Reflections - Tick, Tick, Tick
Early this spring, a tick swooped off some brush into my turtleneck to lodge on my right shoulder. The sneaky arachnid didn’t bite until I slept. I woke with an aching, itching lump. Since then, I’ve walked along our dusty road. That kept me safe for weeks. I didn’t use the evil spray with permethrin that’s only safe on clothes. It’s easier to walk in dust than strip on the porch to prevent taking the spray inside to our three tabby cats.

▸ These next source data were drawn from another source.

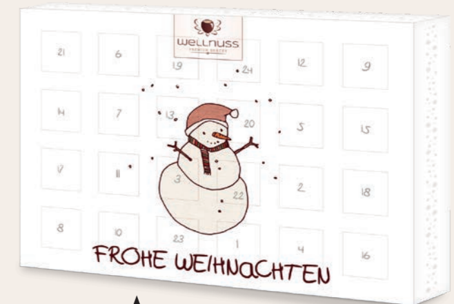
PREMIUM ADVENTSKALENDER ab 500 Stück vollflächig bedruckt Mehr Infos ab Seite 6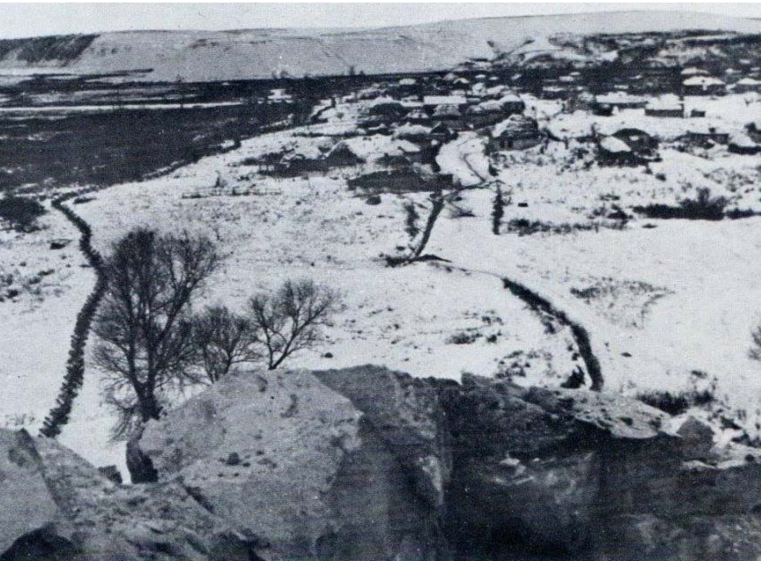
Dicembre 1942. Il villaggio di Belogore visto dal caposaldo Madonna: i reticolati lungo la riva destra del Don e, a tergo la prima linea, il fosso anticarro

“ La Regione Piemonte durante la seconda guerra mondiale ha pagato un prezzo altissimo di vittime. Solo nella Campagna di Russia i piemontesi che non sono tornati a casa sono stati 10312 ” :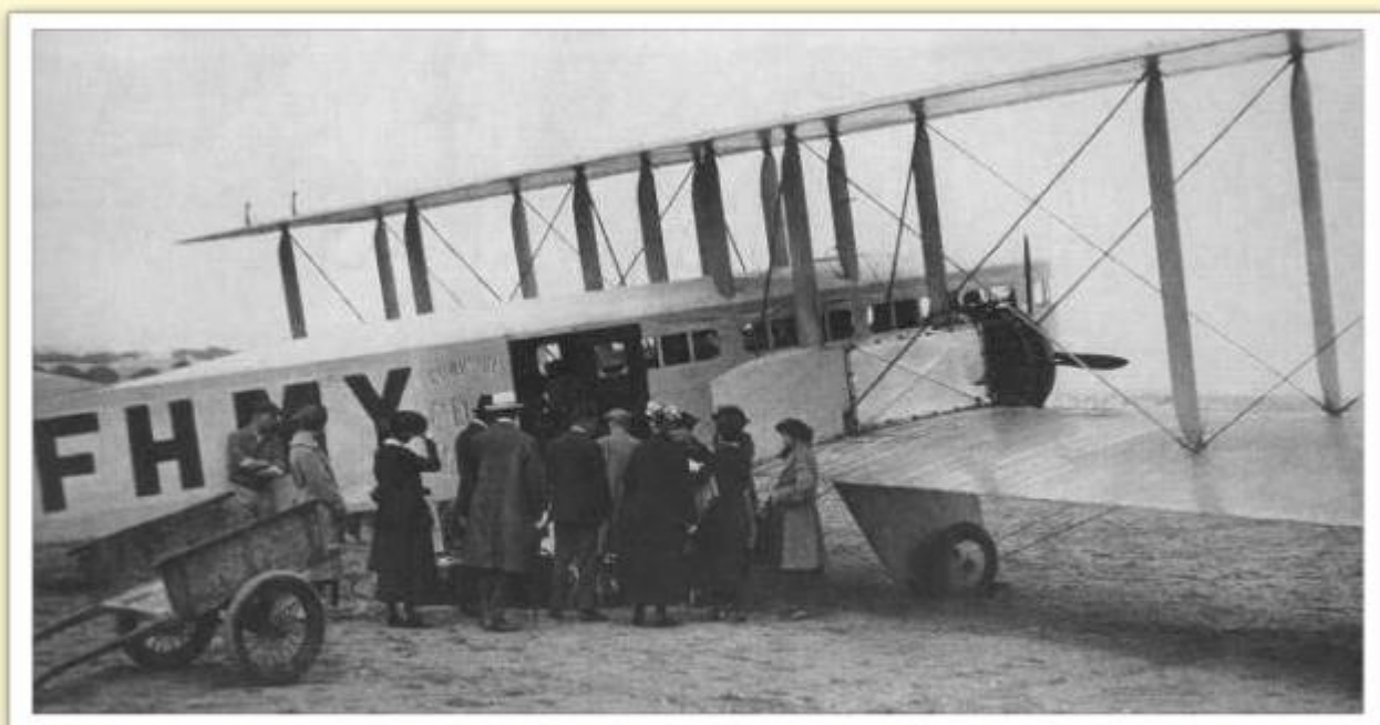
Farman F-60 'Goliath', un des premiers avions des lignes régulières en Europe (ici ligne Paris-Londres)

C'est aussi pendant cette période que les premiers dessins animés Walt Disney font leur apparition aux États-Unis.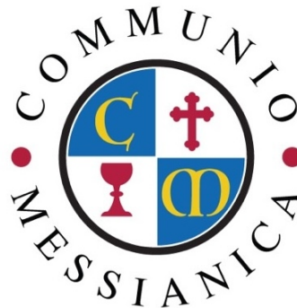
Logo von Communio Messianica

Sein Glaube war niemals nur eine Privatsache. Er prägte seinen Charakter, seine Beziehungen, seine wissenschaftliche Arbeit und sein Zeugnis. Er sprach über Christus nicht mit Feindseligkeit gegenüber anderen, sondern mit tiefer Überzeugung, Demut und aufrichtiger Liebe zu denen, die noch auf der Suche waren. Durch Communio Messianica wurde er zu einer Ermutigung für unzählige Gläubige, insbesondere für diejenigen, die selbst aus einem muslimischen Hintergrund heraus zum Glauben gekommen waren. Er verstand die Herausforderungen, denen sie gegenüberstanden, weil er diesen Weg selbst gegangen war. Seine Weisheit, sein Mitgefühl und sein unerschütterliches Engagement stärkten viele, die sich sonst vielleicht allein gefühlt hätten.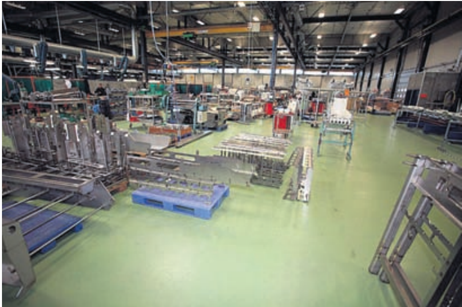
Meðal verkefna sem Epoxy Flex hefur unnið að eru verkstæðisgólfín í húsnæði Marel í Garðabæ.

Kynningarblað Gólfhiti, parket, dúkur, flísar, flotuð gólf, steinteppi, gæði, fagmennska, útsölur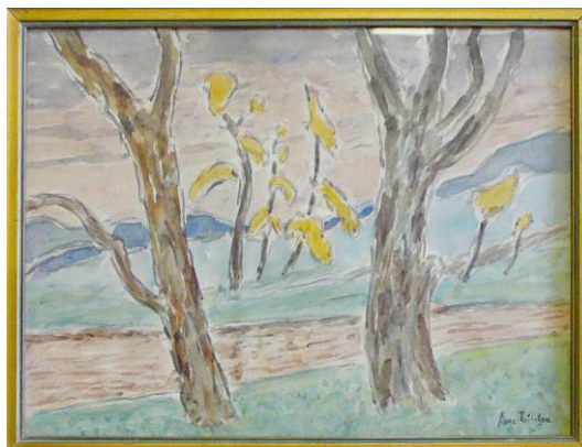
Obr. 1,2 Obrazy A. Roškotové zakoupené do sbírek Muzea Podblanicka v roce 2011.

Také v roce 2011 byla nedílnou součástí muzejní práce péče o sbírkový fond muzea. Ve sledovaném roce bylo při přípravě muzejních výstav a úprav muzejních expozic odborně konzervováno 57 sbírkových předmětů, u kterých si to vyžadoval jejich stav. Bohužel z důvodu omezených finančních prostředků muzea nebylo ve sledovaném období přikročeno k žádnému restaurování sbírkových předmětů, což by ale měl být výjimečný a přechodný stav.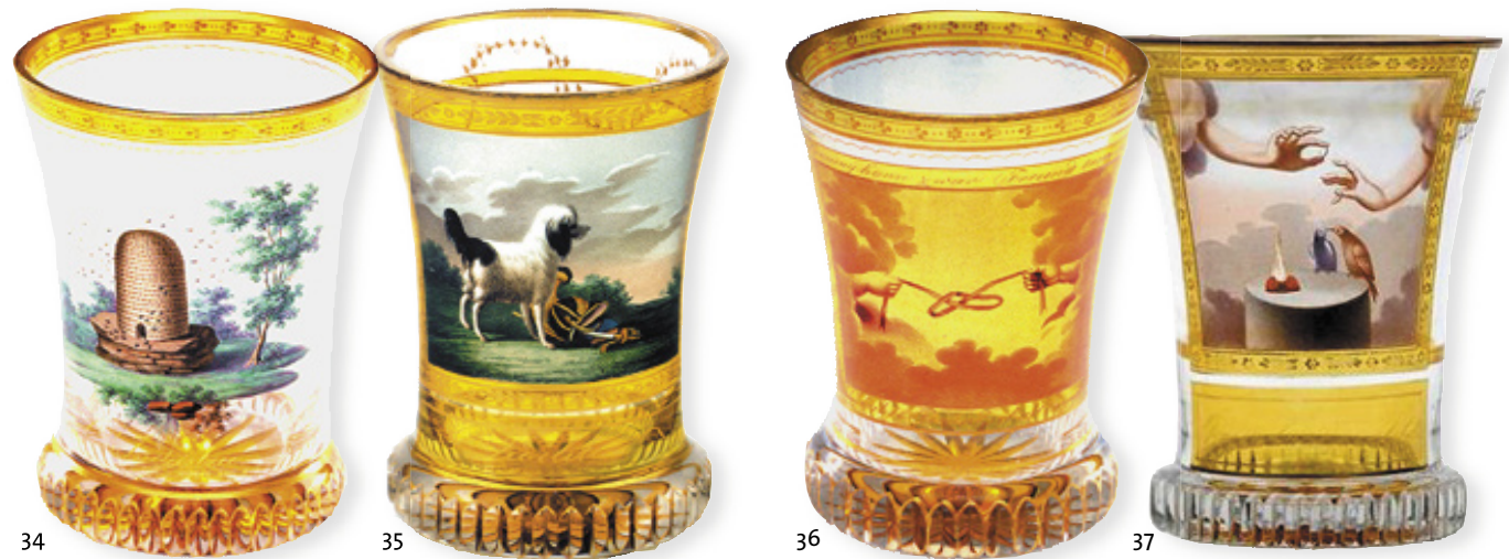
34 Bienenkorb auf Landschaftsinsel »L'Industrie«. – Wiener Kunst Auktionen, September 1994, Nr. 244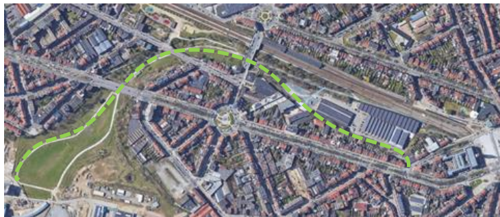
Doorgang naast het perceel van de aanvraag naar Mondia-site en mogelijke verbinding met het bestaande parksysteem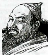
Үмөтаалы Ормон уулу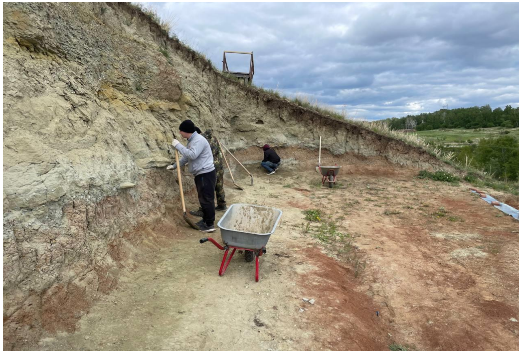
Рис 1: Осмотр стенок раскопа на наличие костных остатков.

XII полевой сезон стартовал 15 мая с заезда отряда в здание филиала музея. В лаборатории палеонтологии были оборудованы дополнительные рабочие места, смонтированы зоны для оцифровки находок (фотофиксация фотогранометрия), настроено оборудование для препарирования. На следующий день был совершён выезд на местонахождение Шестаково-3 с целью тщательного обследования естественных обнажений и расчистки осыпи породы, где удалось обнаружить несколько фрагментов костных остатков, включая тело позвонка хвостового позвонка Psittacosauus sp. ( Пситтакозавра ).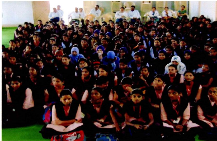
ATTENDED STUDENTS OF CONSTITUTION DAY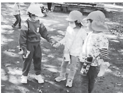
▲小学生と未就学児の触れ合い

A 授業教材として新聞を活用した学習に積極的に取り組んでおり、探究的な学習を進める上で、課題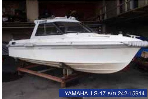
YAMAHA LS-17 s/n 242-15914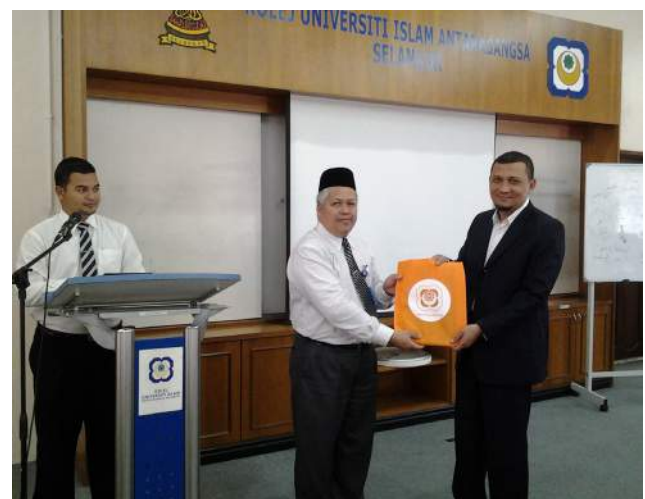
Timbalan Rektor (Akademik & Penyelidikan) KUIS menyampaikan hadiah kepada Naib Pematuhan Presiden Syariah Bank Rakyat.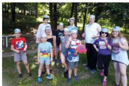
Nógrádi Autizmus Alapítvány (Salgótarján)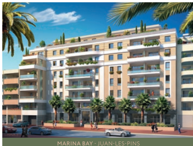
MARINA BAY - JUAN-LES-PINS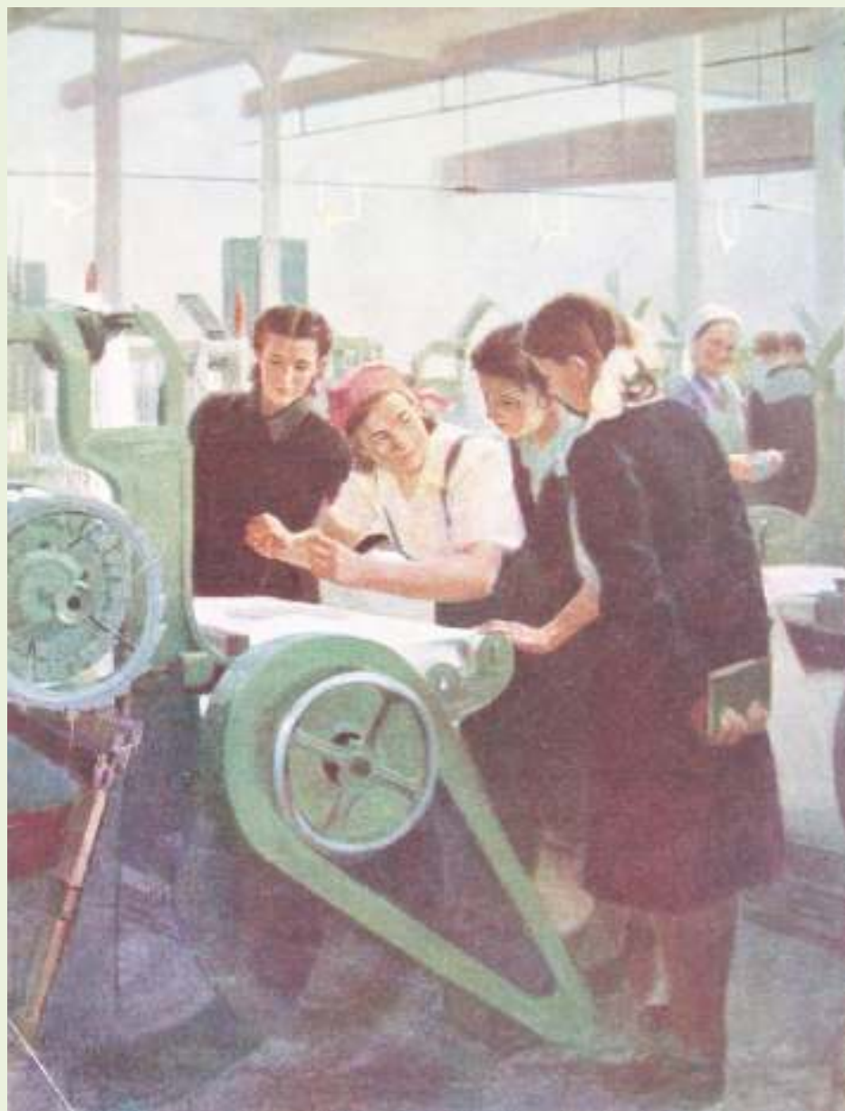
Н. Корчагин. Впервые. 1951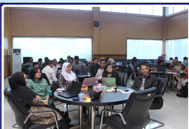
Knowledge Transfer Forum tentang Kualitas Pemeriksaan, Isu dan Tantangan terkait Kontrol, kompetensi dan Kekompakan Tim Pemeriksa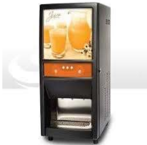
Spm Big Juice Black 2 succhi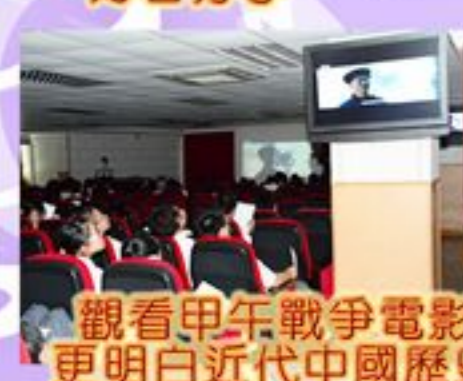
觀看甲午戰爭電影 更明白近代中國歷史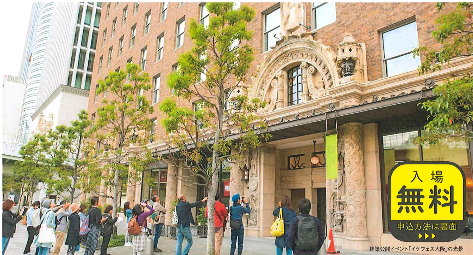
建築公開イベント「イケフェス大阪」の光景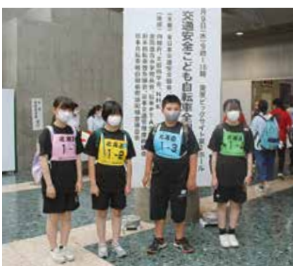
◀滝上小学校チームの選手たち

その結果、静岡県浜松市立平山小学校チームが団体優勝し、滝上小学校チームは32位となり、北海道代表として過去最高の成績を収めました。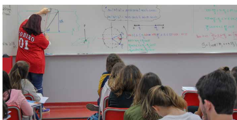
Gabriel Mialchi/Oficina do Estudante

O resultado da seleção está mantido para segunda-feira (28), conforme calendário divulgado anteriormente.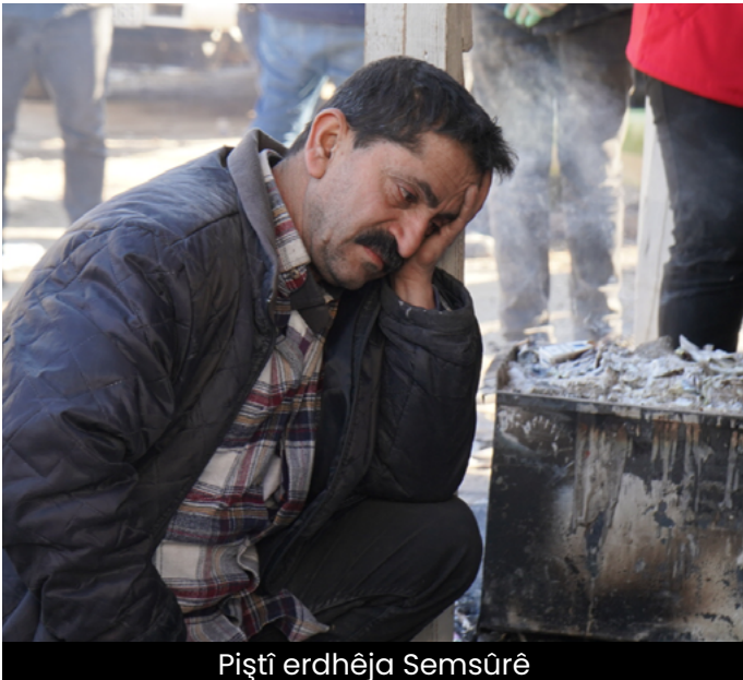
Piştî erdhêja Semsûrê

Gulistan Korban Murat Bayram Sibat 15, 2023

So, preparing for bed in the loft Saturday, May 13 while our friends Eric and Kay visited, the last thing I expected was a tick waving its legs, wiggling its abdomen, and digging its mouth into my upper left thigh. The tick must have crawled up my pants leg when Kay and I walked around Wells Wood that afternoon.
Dressed for the dirt road—jeans that didn’t quite reach the tops of my cross-trainers—I hadn’t meant to wander into the field let alone the woods. I’d grabbed a pad of paper and a pen for listing the berm flowers. After jotting buttercups and forget-me-nots that bloomed beside the parking pad out front, I strayed. Sharp-lobed hepatica drew me into the field. We noted the violets, speedwell, and purple dead nettle on the way to the woods in search of white trillium that usually unfurl their petals around Mother’s Day. Telling Kay to wait on the path in case I didn't find any, I scuffed through last year’s leaves—in vain. I presume that’s how the tick found me.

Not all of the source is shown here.